Projections for queries with predicates

If your query contains one or more predicates, you can modify the projections to improve the query's performance, as described in the following two examples.

Queries that use date ranges

This example shows how to encode data using RLE and change the projection sort order to improve the performance of a query that retrieves all data within a given date range.

Suppose you have a query that looks like this:

=> SELECT * FROM trades
   WHERE trade_date BETWEEN '2016-11-01' AND '2016-12-01';

To optimize this query, determine whether all of the projections can perform the SELECT operation in a timely manner. Run SELECT COUNT(*) statement for each projection, specifying the date range, and note the response time. For example:

=> SELECT COUNT(*) FROM [ projection_name ]
   WHERE trade_date BETWEEN '2016-11-01' AND '2016-12-01;

If one or more of the queries is slow, check the uniqueness of the trade_date column and determine if it needs to be in the projection’s ORDER BY clause and/or can be encoded using RLE. RLE replaces sequences of the same data values within a column by a pair that represents the value and a count. For best results, order the columns in the projection from lowest cardinality to highest cardinality, and use RLE to encode the data in low-cardinality columns.

Note

For an example of using sorting and RLE, see Choosing sort order: best practices.

If the number of unique columns is unsorted, or if the average number of repeated rows is less than 10, trade_date is too close to being unique and cannot be encoded using RLE. In this case, add a new column to minimize the search scope.

The following example adds a new column trade_year:

Determine if the new column trade_year returns a manageable result set. The following query returns the data grouped by trade_year:
```
=> SELECT DATE_TRUNC('trade_year', trade_date), COUNT(*)
   FROM trades
   GROUP BY DATE_TRUNC('trade_year',trade_date);
```
Assuming that trade_year = 2007 is near 8k, add a column for trade_year to the trades table. The SELECT statement then becomes:
```
=> SELECT * FROM trades
   WHERE trade_year = 2007
   AND trade_date BETWEEN '2016-11-01' AND '2016-12-01';
```
As a result, you have a projection that is sorted on trade_year, which can be encoded using RLE.

Queries for tables with a high-cardinality primary key

This example demonstrates how you can modify the projection to improve the performance of queries that select data from a table with a high-cardinality primary key.

Suppose you have the following query:

=> SELECT FROM [table]
   WHERE pk IN (12345, 12346, 12347,...);

Because the primary key is a high-cardinality column, Vertica has to search a large amount of data.

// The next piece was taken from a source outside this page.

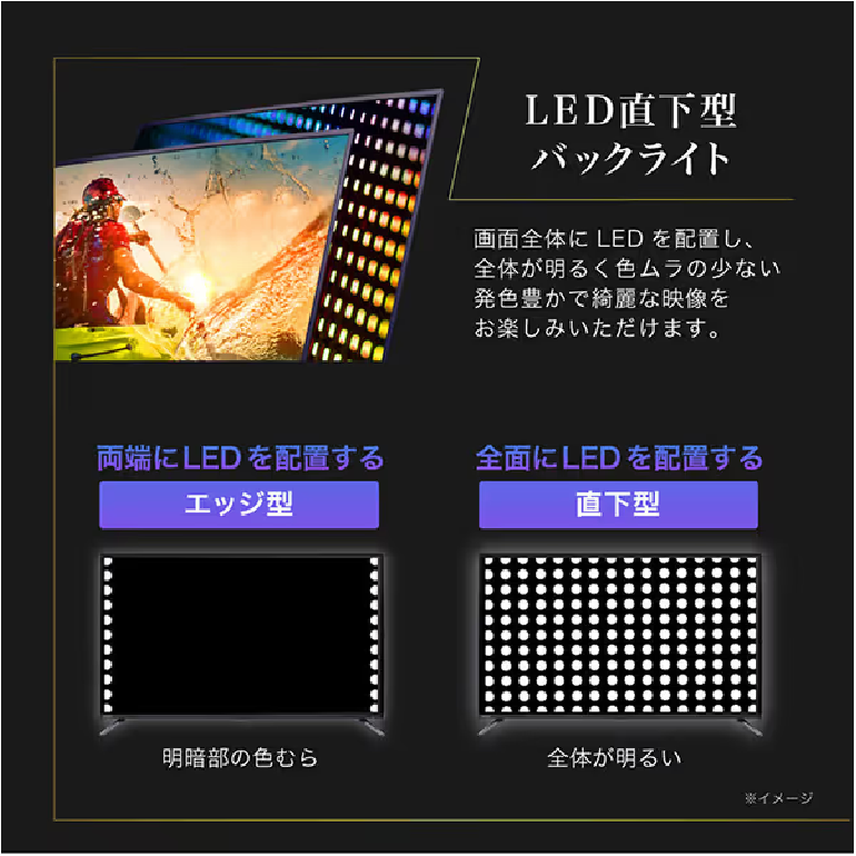 さらに、LED直下型バックライトで明るくムラの少ない映像をお届けします。
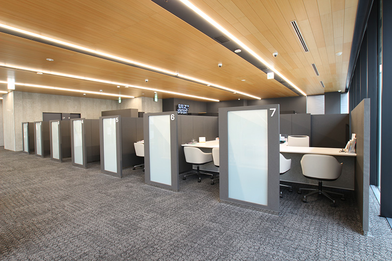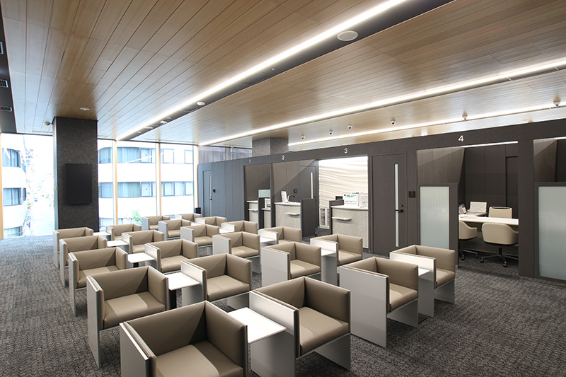 1~3階に本店営業部を配置し、2階を中心に多様なニーズに応えるバンキ

To optimize the schema for this query, create a new column named buckets and assign it the value of the primary key divided by 10000. In this example, buckets=(int) pk/10000. Use the buckets column to limit the search scope as follows:

=> SELECT FROM [table]
   WHERE buckets IN (1,...)
   AND pk IN (12345, 12346, 12347,...);

Creating a lower cardinality column and adding it to the query limits the search scope and improves the query performance. In addition, if you create a projection where buckets is first in the sort order, the query may run even faster.